The task - Scan the lines below for the string "Style". Reply with how many match, and no other words.

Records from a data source
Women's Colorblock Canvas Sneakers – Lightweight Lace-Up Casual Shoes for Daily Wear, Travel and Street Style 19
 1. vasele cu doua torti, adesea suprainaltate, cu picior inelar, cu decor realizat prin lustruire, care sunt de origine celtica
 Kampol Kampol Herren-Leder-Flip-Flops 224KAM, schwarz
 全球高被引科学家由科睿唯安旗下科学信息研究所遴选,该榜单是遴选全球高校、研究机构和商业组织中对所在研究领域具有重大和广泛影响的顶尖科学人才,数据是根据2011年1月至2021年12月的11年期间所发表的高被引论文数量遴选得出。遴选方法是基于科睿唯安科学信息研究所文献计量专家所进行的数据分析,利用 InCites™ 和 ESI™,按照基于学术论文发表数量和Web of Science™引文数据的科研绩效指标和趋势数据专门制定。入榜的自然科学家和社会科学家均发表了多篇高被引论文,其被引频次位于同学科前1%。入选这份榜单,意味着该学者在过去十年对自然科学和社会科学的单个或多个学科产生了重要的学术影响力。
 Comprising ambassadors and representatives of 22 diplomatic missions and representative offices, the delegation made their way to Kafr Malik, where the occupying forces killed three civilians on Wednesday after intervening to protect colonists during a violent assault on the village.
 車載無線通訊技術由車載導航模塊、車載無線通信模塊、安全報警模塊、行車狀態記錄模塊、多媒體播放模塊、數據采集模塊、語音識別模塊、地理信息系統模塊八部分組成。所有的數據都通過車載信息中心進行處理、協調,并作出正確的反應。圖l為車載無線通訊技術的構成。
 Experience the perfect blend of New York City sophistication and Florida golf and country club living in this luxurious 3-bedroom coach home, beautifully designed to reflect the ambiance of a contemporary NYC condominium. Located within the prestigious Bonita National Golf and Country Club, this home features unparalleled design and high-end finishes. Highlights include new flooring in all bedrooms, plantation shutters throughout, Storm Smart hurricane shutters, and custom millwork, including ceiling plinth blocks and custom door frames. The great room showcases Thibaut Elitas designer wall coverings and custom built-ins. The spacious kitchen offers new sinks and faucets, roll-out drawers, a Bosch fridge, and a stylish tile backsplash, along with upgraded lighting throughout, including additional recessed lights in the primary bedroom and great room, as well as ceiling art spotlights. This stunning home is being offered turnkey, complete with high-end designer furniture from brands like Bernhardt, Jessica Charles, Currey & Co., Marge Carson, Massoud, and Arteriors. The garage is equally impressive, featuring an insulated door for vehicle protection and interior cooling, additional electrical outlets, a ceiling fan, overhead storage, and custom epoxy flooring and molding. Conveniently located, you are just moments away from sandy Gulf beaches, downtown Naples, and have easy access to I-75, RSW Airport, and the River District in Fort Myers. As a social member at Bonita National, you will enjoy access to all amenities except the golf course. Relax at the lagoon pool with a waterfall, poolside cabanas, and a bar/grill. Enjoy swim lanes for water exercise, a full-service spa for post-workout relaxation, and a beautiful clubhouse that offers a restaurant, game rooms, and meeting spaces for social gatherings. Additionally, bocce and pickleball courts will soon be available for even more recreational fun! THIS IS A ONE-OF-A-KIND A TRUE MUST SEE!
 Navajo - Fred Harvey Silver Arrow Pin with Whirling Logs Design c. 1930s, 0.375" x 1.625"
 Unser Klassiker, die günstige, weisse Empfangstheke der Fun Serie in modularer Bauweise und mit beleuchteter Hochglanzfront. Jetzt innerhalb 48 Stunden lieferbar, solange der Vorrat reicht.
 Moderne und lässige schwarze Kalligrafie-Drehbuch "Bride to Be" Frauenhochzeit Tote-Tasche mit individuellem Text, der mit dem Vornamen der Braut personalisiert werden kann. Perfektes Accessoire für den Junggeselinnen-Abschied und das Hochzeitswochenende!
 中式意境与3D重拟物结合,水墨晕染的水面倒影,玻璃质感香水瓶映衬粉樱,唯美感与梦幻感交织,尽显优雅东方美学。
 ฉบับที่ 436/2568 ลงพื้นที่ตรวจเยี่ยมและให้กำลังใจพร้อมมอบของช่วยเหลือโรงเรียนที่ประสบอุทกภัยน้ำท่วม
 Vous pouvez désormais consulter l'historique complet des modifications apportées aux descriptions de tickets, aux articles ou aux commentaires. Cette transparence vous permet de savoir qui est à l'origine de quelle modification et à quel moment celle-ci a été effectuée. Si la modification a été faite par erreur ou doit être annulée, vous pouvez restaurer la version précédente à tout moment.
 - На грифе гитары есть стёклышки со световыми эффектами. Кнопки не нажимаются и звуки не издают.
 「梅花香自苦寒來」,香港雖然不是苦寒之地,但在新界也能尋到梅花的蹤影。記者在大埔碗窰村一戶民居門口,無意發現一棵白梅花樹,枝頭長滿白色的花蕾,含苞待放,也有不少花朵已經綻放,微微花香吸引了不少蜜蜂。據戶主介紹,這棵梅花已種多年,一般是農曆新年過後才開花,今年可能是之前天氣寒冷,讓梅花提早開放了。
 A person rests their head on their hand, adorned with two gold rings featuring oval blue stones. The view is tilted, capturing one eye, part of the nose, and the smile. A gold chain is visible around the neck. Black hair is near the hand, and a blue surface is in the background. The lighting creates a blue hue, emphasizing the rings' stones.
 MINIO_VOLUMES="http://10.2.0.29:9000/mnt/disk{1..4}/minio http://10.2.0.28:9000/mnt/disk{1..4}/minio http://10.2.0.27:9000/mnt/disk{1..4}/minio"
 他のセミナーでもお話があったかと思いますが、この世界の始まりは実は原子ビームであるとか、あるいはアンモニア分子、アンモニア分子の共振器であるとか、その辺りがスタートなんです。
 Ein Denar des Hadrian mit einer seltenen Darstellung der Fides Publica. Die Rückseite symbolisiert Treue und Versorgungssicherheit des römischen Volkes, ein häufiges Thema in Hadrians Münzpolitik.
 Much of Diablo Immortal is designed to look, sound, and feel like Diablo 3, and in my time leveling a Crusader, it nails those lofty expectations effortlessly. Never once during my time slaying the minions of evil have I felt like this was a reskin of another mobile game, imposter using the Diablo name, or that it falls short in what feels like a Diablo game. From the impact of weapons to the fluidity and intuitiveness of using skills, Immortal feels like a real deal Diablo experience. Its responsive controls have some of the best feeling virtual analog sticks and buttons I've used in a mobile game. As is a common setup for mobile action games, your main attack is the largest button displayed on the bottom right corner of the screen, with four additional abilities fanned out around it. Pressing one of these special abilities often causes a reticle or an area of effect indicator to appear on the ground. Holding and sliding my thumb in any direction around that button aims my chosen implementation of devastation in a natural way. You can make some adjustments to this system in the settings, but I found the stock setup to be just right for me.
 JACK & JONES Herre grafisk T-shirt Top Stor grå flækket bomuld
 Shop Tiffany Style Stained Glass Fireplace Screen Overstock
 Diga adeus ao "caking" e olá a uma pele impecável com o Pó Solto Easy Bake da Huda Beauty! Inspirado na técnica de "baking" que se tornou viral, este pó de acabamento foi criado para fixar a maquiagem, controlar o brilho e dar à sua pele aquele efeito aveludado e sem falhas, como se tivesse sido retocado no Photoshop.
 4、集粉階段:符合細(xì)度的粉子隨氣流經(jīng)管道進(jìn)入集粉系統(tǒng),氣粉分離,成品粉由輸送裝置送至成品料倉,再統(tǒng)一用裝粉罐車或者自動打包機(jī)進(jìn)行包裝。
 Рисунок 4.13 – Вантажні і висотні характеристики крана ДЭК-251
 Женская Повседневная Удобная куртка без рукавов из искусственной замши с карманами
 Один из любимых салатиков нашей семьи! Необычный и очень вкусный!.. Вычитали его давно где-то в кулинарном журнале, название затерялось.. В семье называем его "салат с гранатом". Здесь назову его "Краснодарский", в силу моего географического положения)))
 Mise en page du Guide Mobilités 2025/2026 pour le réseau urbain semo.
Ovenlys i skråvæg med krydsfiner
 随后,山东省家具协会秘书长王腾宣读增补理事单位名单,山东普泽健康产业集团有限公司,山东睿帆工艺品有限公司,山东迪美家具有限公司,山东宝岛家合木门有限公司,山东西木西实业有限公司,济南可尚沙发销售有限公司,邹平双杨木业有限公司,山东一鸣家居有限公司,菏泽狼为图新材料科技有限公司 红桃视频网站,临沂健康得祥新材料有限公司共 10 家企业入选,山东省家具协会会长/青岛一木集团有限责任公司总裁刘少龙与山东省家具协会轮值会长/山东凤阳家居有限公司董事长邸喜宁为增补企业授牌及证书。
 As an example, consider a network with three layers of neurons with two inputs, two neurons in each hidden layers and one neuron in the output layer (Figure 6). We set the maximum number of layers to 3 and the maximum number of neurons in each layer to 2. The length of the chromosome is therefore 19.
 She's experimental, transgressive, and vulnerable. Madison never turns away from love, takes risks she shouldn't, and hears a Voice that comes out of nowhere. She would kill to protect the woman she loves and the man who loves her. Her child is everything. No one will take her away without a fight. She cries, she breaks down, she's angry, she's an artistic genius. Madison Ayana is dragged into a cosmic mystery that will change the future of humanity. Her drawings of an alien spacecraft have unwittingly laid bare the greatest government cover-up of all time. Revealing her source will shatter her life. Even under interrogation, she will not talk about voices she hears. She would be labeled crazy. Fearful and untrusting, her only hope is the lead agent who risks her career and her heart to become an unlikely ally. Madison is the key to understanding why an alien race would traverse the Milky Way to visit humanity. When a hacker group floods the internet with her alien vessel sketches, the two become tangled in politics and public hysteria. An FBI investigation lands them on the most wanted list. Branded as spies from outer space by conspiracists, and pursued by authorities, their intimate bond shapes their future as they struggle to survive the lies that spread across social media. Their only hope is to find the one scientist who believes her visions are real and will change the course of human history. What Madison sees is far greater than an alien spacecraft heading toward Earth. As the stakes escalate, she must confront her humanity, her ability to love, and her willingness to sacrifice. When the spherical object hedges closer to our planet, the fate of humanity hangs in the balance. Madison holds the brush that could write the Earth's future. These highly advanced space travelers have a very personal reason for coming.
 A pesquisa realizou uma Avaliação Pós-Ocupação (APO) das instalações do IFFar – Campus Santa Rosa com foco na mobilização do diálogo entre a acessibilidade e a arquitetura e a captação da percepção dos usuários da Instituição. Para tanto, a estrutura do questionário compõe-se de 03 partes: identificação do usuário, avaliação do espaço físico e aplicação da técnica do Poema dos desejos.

Exercise solution - 2